What are the benefits of vitamin K?

Vitamin K is best known as the “clotting vitamin,” since it plays an essential role in clotting blood, says Anna Taylor, a registered dietitian with the Cleveland Clinic’s Center for Human Nutrition.

“Prothrombin is a protein in plasma that helps the blood clot,” she explains. “This protein is dependent on vitamin K to function. The blood will take longer to clot for people with a vitamin K deficiency, leading to bruising and bleeding problems.

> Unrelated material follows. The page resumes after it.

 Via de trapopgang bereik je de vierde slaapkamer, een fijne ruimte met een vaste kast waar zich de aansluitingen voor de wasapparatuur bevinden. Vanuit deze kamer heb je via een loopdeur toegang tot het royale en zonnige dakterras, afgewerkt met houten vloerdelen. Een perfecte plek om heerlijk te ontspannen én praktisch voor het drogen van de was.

The vitamin is also essential for bone metabolism. Adequate vitamin K intake, along with calcium and vitamin D, supports bone health. Taylor says not getting enough vitamin K could lead to osteoporosis.

10 vitamin K-rich foods

Vitamin K is fat-soluble, meaning it’s best absorbed by the body when consumed with fat, Taylor says. “For people trying to boost their vitamin K intake, include a little healthy fat — such as salmon, nuts or olive oil (which contain vitamin K themselves) — in the same meal as your leafy green vegetables.”

Adequate intake of vitamin K is 120 micrograms a day for men and 90 mcg for women. Here are 10 foods that are rich in vitamin K:

1. Natto

This Japanese dish made from fermented soybeans is an excellent source of vitamin K, Taylor says. Just 3 ounces contain 850 mcg of the vitamin. Research shows that regularly consuming natto offers bone health benefits in elderly men.

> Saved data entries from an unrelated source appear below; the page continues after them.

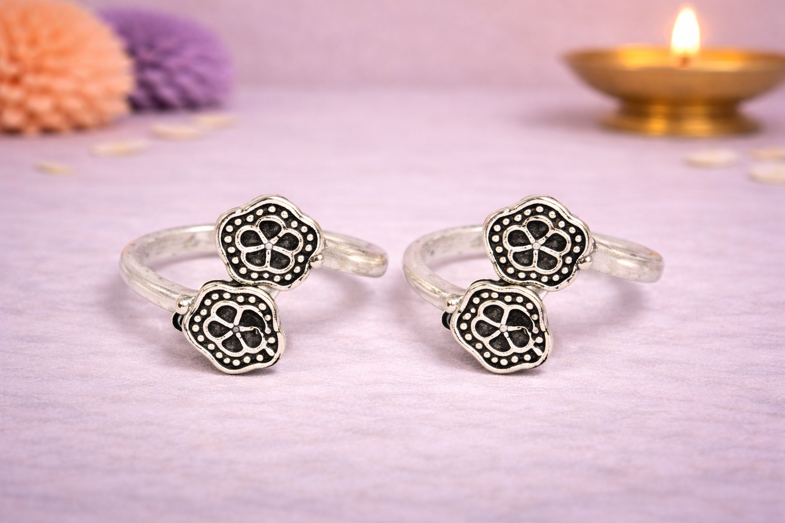 The Bichiya Silver Ornament from the Ladies Collection is a finely crafted traditional toe ring set, designed to add subtle elegance to everyday ethnic wear. Showcasing classic silver artistry, this bichiya features delicate floral motifs with oxidised detailing that reflect timeless Indian craftsmanship.
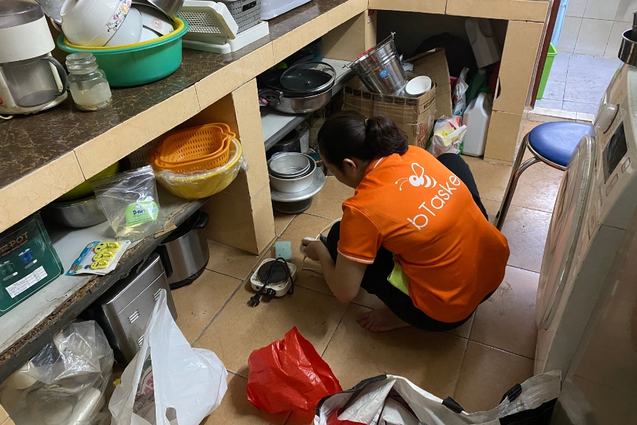 - Nhà bếp: Tasker lau chùi bàn bếp, tủ, vệ sinh lò vi sóng, tủ lạnh (bên ngoài), rửa chén bát, lau quạt hút mùi. Khu vực này được làm sạch kỹ để loại bỏ dầu mỡ.
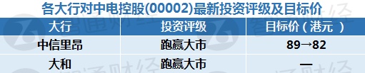 四、各大行对中电控股(00002)最新投资评级及目标价
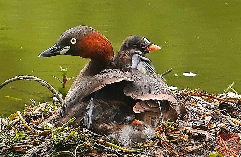 我们常会在城市宽敞的河湖里看见一种比鸭子小且灵动无比的水禽,栖息地远离水岸,它们藏匿在芦苇或水草中,以小鱼、小虾为食,体小的也就拳头大小,它时而一头扎进水里,你都不知道它会从什么地方冒出来,透过望远镜你会发现它生性胆小,即使在孵育也会把巢穴建在飘荡的水面上远离岸边。
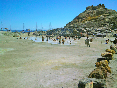 Vulcano: links: die schöne Ankerbucht Porto di Ponente, rechts: das heisse Schwefel-Schlammbad
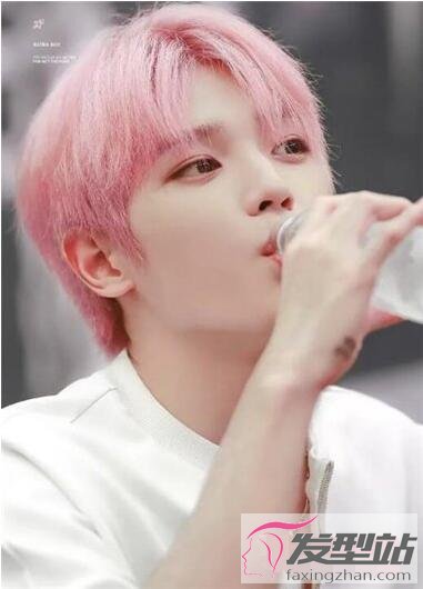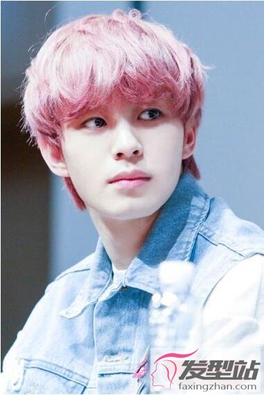 樱桃粉色的染发就是显白,男生的肌肤在其衬托下,非常白皙细腻。头发修剪出很细碎的层次感,丝丝分明的感觉晶莹剔透,刘海向两侧梳理,是可爱的小暖男。
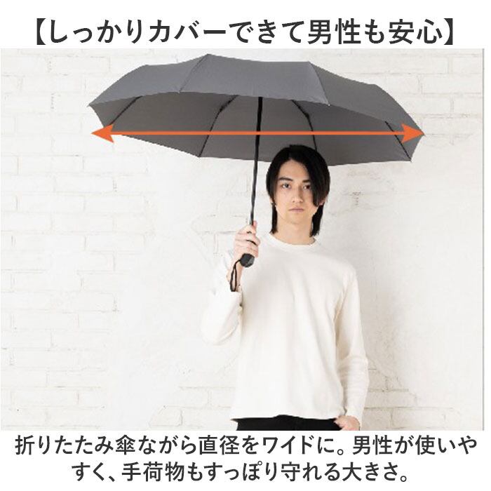 ・折りたたみ傘ながら直径をワイドに。男性が使いやすく、手荷物もすっぽり守れる大きさ。
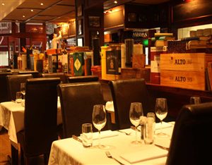 This Hussar Grill is situated in one of South Africa's oldest wine regions, Stellenbosch. The front entrance boasts a beautiful façade complete with brass lettering and leaded windows, leading onto the traditional-style grill room. The restaurant also offers sheltered tables outdoors on the piazza for al fresco dining in the warmer weather.
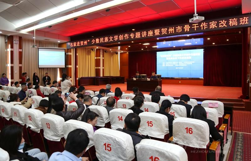 本次活动由中国作家协会《民族文学》杂志社、贺州市委宣传部主办,贺州文学艺术界联合会、我校文化与传媒学院承办,旨在进一步繁荣贺州文学事业,营造浓厚的文学创作氛围,扶持培育文学新人,提升贺州市文学创作水平。贺州市委宣传部、贺州市文联、贺州骨干作家(学员)及我校师生代表等200多人到场聆听。
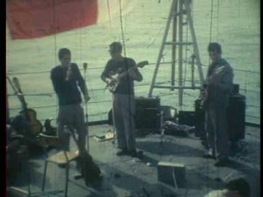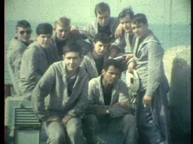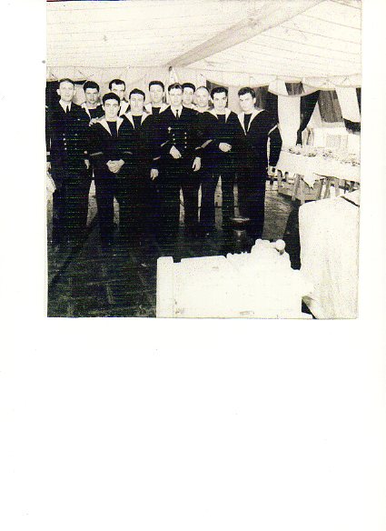 |  Equipe de réception du Béarnais. Faisant office de commis j'étais le responsable avec le ''toubib'' de l'accueil des invités à bord et je m'entourais de copains évidemment. A Weymouth lors d'un des premiers voyages inaugural nous avons ramené à terre la fille dumaire qui avait un peu trop abusé de champagne ! septembre 1958 ?
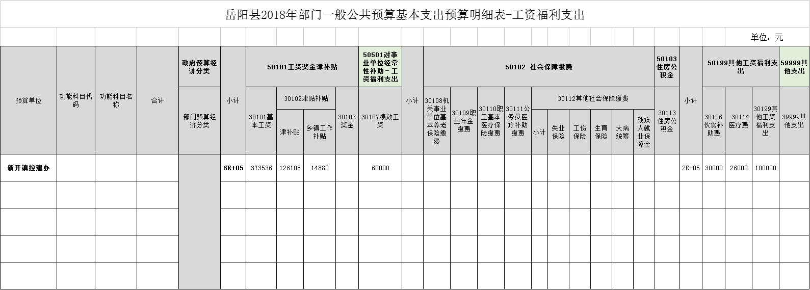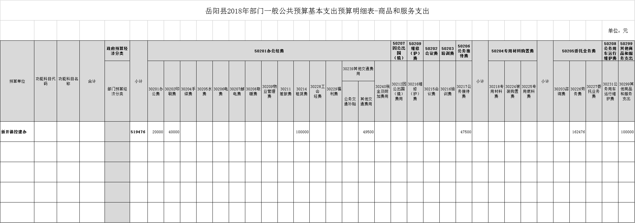 2018年新開鎮控建辦預算表

2. Collard greens and turnip greens

Leafy green vegetables contain the highest levels of phylloquinone, or vitamin K1. Half a cup of boiled collard greens contains 530 mcg of vitamin K, while half a cup of boiled turnip greens contains 426 mcg. Stir a few handfuls of these greens into a soup to up your nutrient count.

3. Spinach

One cup of raw spinach contains 145 mcg of vitamin K. Spinach contains a wealth of other nutrients, too, such as potassium, vitamin C and iron. Use this leafy green as a salad base or saute it as a side for a nutrient boost.

4. Kale

Kale is another leafy green to add to your diet to increase your vitamin K levels. A cup of raw kale will give you 113 mcg of the vitamin.

5. Broccoli

Whether you’re steaming, stir-frying or roasting it, broccoli will add a vitamin K boost to any meal. Half a cup of boiled broccoli contains 110 mcg of vitamin K. Be sure to include the stems and leaves with the florets for an extra dose of phylloquinone.

6. Soybeans

Soybeans are another great source of vitamin K. They’re also rich in protein and fiber, and a good source of omega-3 fatty acids. Half a cup of roasted soybeans contains 43 mcg of vitamin K, and half a cup of frozen edamame has 21 mcg.

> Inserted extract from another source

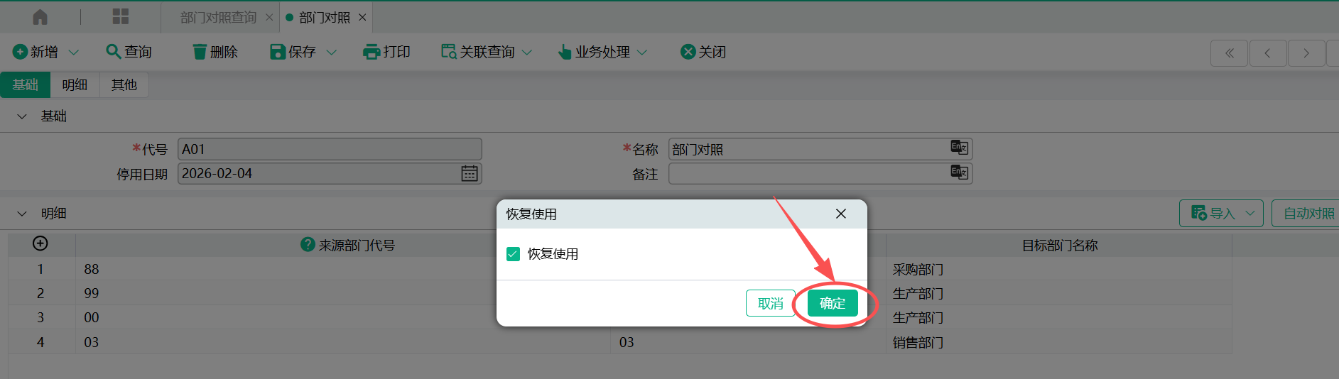 恢复使用,会同步清空“停用日期”

7. Soybean and canola oils

Since vitamin K is a fat-soluble vitamin, sauteing greens in soybean or canola oil, which also contains vitamin K, can dramatically increase your nutrient intake. Another option is to toss a salad in a dressing made from these oils. A tablespoon of soybean oil contains 25 mcg, and a tablespoon of canola oil has 10 mcg.

8. Olive oil

Olive oil is a healthy fat that can increase your body’s absorption of vitamin K when paired with other foods rich in the vitamin, such as broccoli or kale. One tablespoon of olive oil contains 8 mcg of vitamin K.

9. Pine nuts

Pine nuts are a rich source of vitamin K. An ounce of pine nuts contains 15 mcg. Other nuts, such as cashews, are also good sources of vitamin K.

10. Lettuces

Romaine, butterhead lettuce, and green and red leaf lettuce offer 100 mcg to 126 mcg of vitamin K. This equates to most of your daily value of the vitamin. So, think about adding a side salad to most of your meals.